V1Model Motion and MTModel Motion represent the basic modules for optic flow estimation. In TOModel regions that have been occluded or disoccluded are estimated. In MSTlModel motion discontinuities are computed based on MTModel input due to spatial on-center-off-surround receptive fields. The information of areas MSTlModel, TOModel, and V2Model is combined in a higher level processing area (HLPModel). Feedforward connections are depicted with dark blue arrows, feedback connections with light blue arrows. The interactions between MSTlModel and TOModel are depicted with green arrows.
Figure 3
Figure 3. Optic flow estimation at occlusions.
Occlusions lead to problems for motion estimation algorithms based on the correlation between only two frames: Parts of the image are only visible in one of the frames, thus no corresponding image positions can be found at these locations. This problem can be solved using only one additional temporally forward-looking step (future step).
Figure 4
Figure 4. Detection of motion discontinuities.
Some examples for motion discontinuities are given on the left bottom. We use a motion discontinuity detector built of an on-center-off-surround RF that will respond very strongly if center and surround motion differ. If a homogeneous flow field is presented, only a weak response is produced.
Figure 5
Figure 5. Detection of occlusion regions.
To detect occlusions and disocclusions in the motion sequence, we compare the motion energy at each spatial position that was estimated using the past frame pair t−1/t0 and using the future frame pair t0/t1. A high difference typically occurs at occlusion and disocclusion positions due to regions that are only visible in t−1 or t1 and thus entail very ambiguous motion estimates.
Figure 6
Figure 6. Overview of mechanisms for scene interpretation.
Top row: The optic flow of the input image is computed in V1Model and MTModel, spatial contrast neurons in MSTlModel compute the motion discontinuities. Based on the detected motion boundaries a simple filling-in mechanism provides a scene segmentation. Bottom row: In TOModel input from V1Model neurons is used for a temporal on-center-off-surround processing step to detect occlusion and disocclusion regions. In HLPModel these regions are restricted to the motion discontinuities or luminance contours provided from V2Model to find the corresponding object that is adjacent to the occlusion region, namely the occluder. The results of the object segmentation are used to find the label of the corresponding object (indicated by the arrow from the top row, third column). Based on these data, the corresponding depth order can be computed. Interactions between MSTlModel and TOModel are not depicted in this figure.
Figure 7
Figure 7. Experiment 1: Flowergarden sequence.

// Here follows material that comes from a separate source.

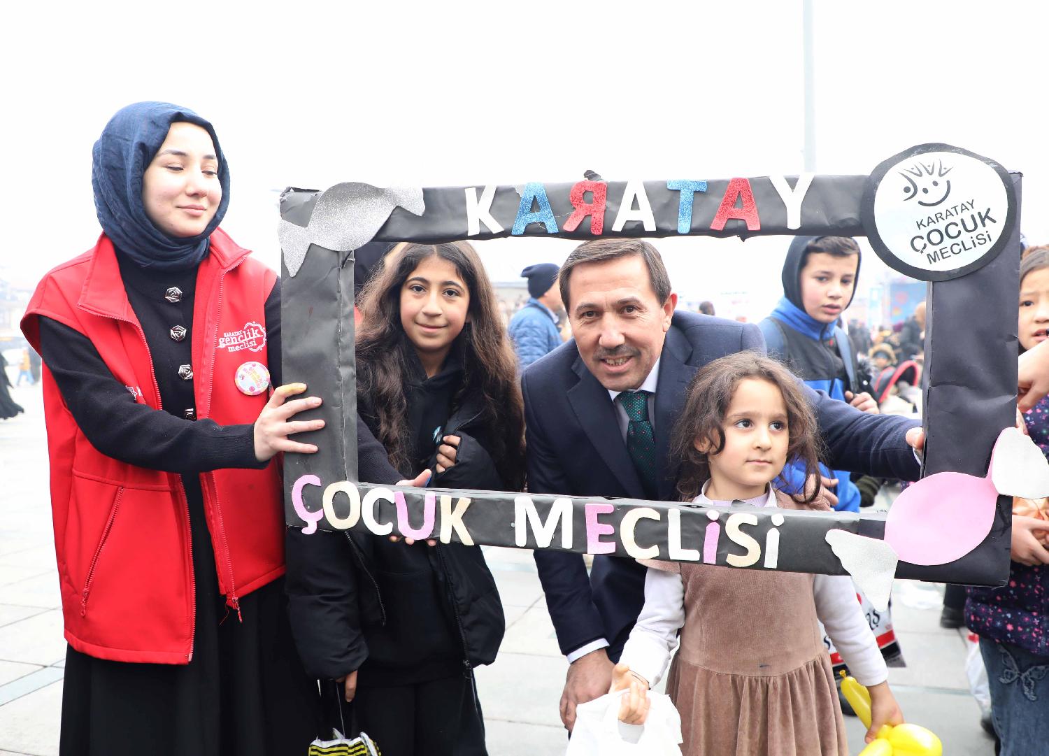 Karatay Belediyesi tarafından sabahın erken saatlerinden itibaren belediye hizmet binası önü ve Mevlana Meydanı başta olmak üzere ilçenin farklı noktalarında etkinlikler gerçekleştirildi. Mevlana Meydanı’nda kurulan sahnede meddah, jonglör, tahta bacak ve illüzyon gösterileri ile çeşitli yarışmalar düzenlenirken; kurulan çadırlarda rozet, ayraç, Filistin temalı bileklik, yüz boyama ve sosis balon atölyeleri çocuklarla buluştu.

A) Input image. B) Optic flow estimated in area MTModel, direction is indicated by a color code, speed by the corresponding saturation. C) Motion discontinuities appear due to the faster optic flow on the tree and along the regions where no movement is indicated as for the sky. D) TOModel responds strongly along the contours of the tree trunk as during the translational self-motion the trunk occludes parts of the background (white color indicates disocclusion areas, black color occlusion areas). The results shown here include feedback from MSTlModel neurons.
Figure 8
Figure 8. Experiment 2: Moving boxes.
Results for an input sequence with 5 boxes and the background all moving in different directions. A) Input image with arrows indicating the movement of the objects. The background is slowly moving to the left. B) Mean optic flow estimations in area MTModel marked with a color code that is superimposed on the input image. In C) the detected occlusion (black) and disocclusion (white) regions are shown. Note that depending on the direction of the object movement these regions appear all along the object boundaries or just on two sides (for a movement in vertical or horizontal direction). D) Contours of the objects as provided by V2Model Form. This activity is used to achieve a clear localization of the occlusion boundary to the corresponding occluder. E) A clear segmentation of the object boundaries is achieved using the motion discontinuities detected with MSTlModel on-center-off-surround neurons. F) After the detected boundaries have been grouped and filled, the image is segmented in different regions representing the objects of the scene. G) Classification of object movement. The difference of object and background motion is computed as explained in the Methods section. Light object boundaries indicate a strong difference, darker outlines represent a movement similar to the background. Note, that object 5 and 2 have a strong motion contrast to the background despite the similar movement direction due to a much higher speed than the background. H) The results of the relative depth order derived automatically from the scene. A confidence value is applied to get a probability for the correctness of the depth order (indicated in percent). This is derived from the number of positions belonging to the object that indicate that the object is in front (#posfront) and the number of positions that indicate that the object is in the background (#posbg) (conf = max(#posfront, #posbg)/(#posfront+#posbg).
Figure 9
Figure 9. Experiment 3: Independently moving object in a scene with a moving observer.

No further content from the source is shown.